This is an archived snapshot of W3C's public bugzilla bug tracker, decommissioned in April 2019. Please see the home page for more details.

Bug 20049 - Clarify the violation of rfc2781/MIME w.r.t. the meaning of 'utf-16be'/'utf-16le'
Summary: Clarify the violation of rfc2781/MIME w.r.t. the meaning of 'utf-16be'/'utf-1...
Status: RESOLVED FIXED
Alias: None
Product: WHATWG
Classification: Unclassified
Component: Encoding (show other bugs)
Version: unspecified
Hardware: PC Windows 3.1
: P2 normal
Target Milestone: Unsorted
Assignee: Anne
QA Contact: sideshowbarker+encodingspec
URL:
Whiteboard:
Keywords:
Depends on:
Blocks:
 
Reported: 2012-11-22 22:59 UTC by Leif Halvard Silli
Modified: 2013-09-04 09:26 UTC (History)
2 users (show)

See Also:


Attachments

Description Leif Halvard Silli 2012-11-22 22:59:23 UTC
The standard is fully correct when it says: 

"In violation of the Unicode standard, "utf-16" is a label for
 utf-16le rather than its own standalone encoding."

However, this correct statement gives the impression that it is only 'UTF-16' that has changed meaning while 'UTF-16LE' and 'UTF-16BE' have kept their old meanings.

But this impression is not correct since the MIME registration and the RFC2781 which the MIME registration is built on, says that for files files labeled UTF-16LE or UTF-16BE then one "MUST NOT prepend a BOM to the text". See 
<http://tools.ietf.org/html/rfc2781#section-3.3>

Thus, I suggest that to section '14.2 utf-16be', there should be added a note saying something like this:

"In violation of the Unicode standard, 'utf-16le' is a label for files that preferably, but not necessarily begins with the BOM."

And ditto about inside section '14.3 utf-16le',
Comment 1 Leif Halvard Silli 2012-11-23 01:00:03 UTC
Actually, a more correct underestanding of the matter would probably to say that that the Encoding Standard defines 'UTF-16LE' and 'UTF-16BE' as synonyms for 'UTF-16'.

(Why? Because UTF-16 is not required to contain the BOM.)

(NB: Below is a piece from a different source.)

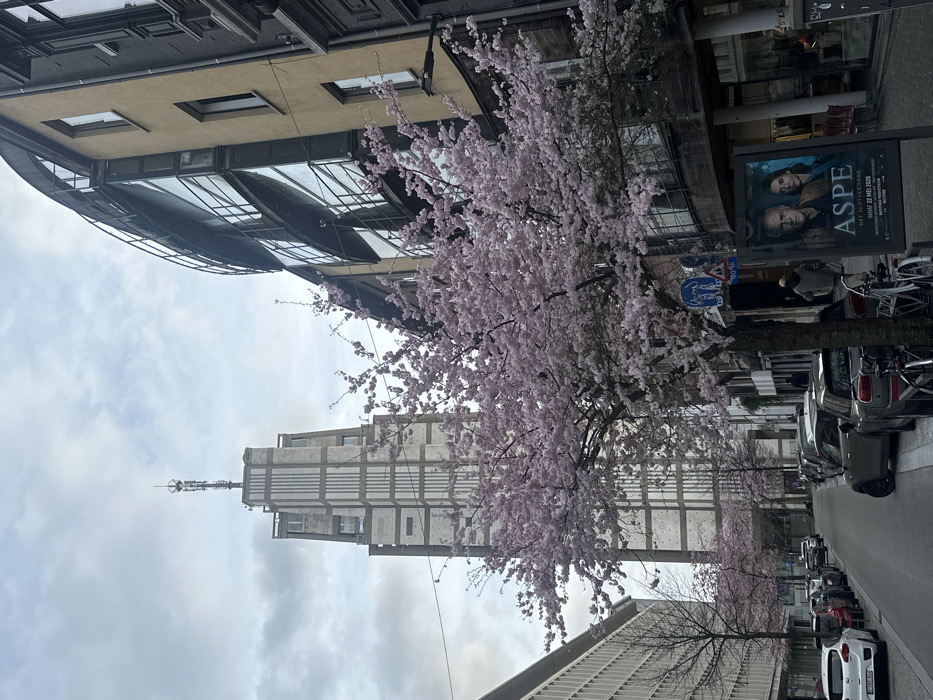The image displays a street scene in Antwerp, Belgium, looking towards the Boerentoren (KBC Tower). The Boerentoren, a tall, light-colored Art Deco skyscraper with vertical banding and a multi-level antenna array on its summit, stands prominently in the background under an overcast sky. In the mid-ground and foreground, several cherry blossom trees with abundant pink flowers line the right side of the street, with additional blossoming trees visible further down on the left. On the right, a multi-story building with a distinctive curved, tiered glass and dark metal facade is partially visible, adjacent to an older, darker building. On the left, a modern, light-colored building with horizontal elements runs parallel to the street. The paved street features numerous parked cars along both sides, primarily hatchbacks and SUVs. A bicycle is parked upright near a tree on the right sidewalk. A blue and white circular traffic sign and a black-framed advertising poster stand on the right sidewalk. The poster depicts an older man and woman, with the title "ASPE HET SLOTAKKOORD" and the release date "VANAFA 22 MEI 2020". Two individuals are visible on the sidewalks: one person in a light-colored hooded top walks away from the camera on the right, and another person is discernible walking on the left sidewalk further down the street. The scene is illuminated by diffuse daylight from the overcast conditions.

How does that make sense to you, Anne?
Comment 2 Anne 2012-11-23 10:23:57 UTC
Well, it's really the decode algorithm that causes the non-compliance. We could add in 14.1: ", even though Unicode does not allow special handling of the byte order mark for utf-16be and utf-16le."
Comment 3 Leif Halvard Silli 2012-11-23 20:11:05 UTC
(In reply to comment #2)
> Well, it's really the decode algorithm that causes the non-compliance. 

Ah. Finesse.

> We could add in 14.1: ", even though Unicode does not allow
> special handling of the byte order mark for utf-16be and 
> utf-16le."

Sounds good. Did you mean to extend the current note? Like so: 

Note: In violation of the Unicode standard, checking for
      a byte order mark happens before an encoding to decode
      a byte stream is chosen, as seen in the decode algorithm,
<INS> EVEN THOUGH UNICODE DOES NOT ALLOW SPECIAL HANDLING OF
      THE BYTE ORDER MARK FOR UTF-16BE AND UTF-16LE") </INS>

If so, then the proposed clarification could perhaps also be moved closer to "violation of the Unicode standard", like so:

Note: In violation of the Unicode standard, <INS> "WHICH FOR 
      UTF-16BE AND UTF-16LE DOES NOT ALLOW SPECIAL HANDLING
      OF THE BYTE ORDER MARK FOR",</INS> checking for a byte
      order mark happens before an encoding to decode a byte
      stream is chosen, as seen in the decode algorithm.
...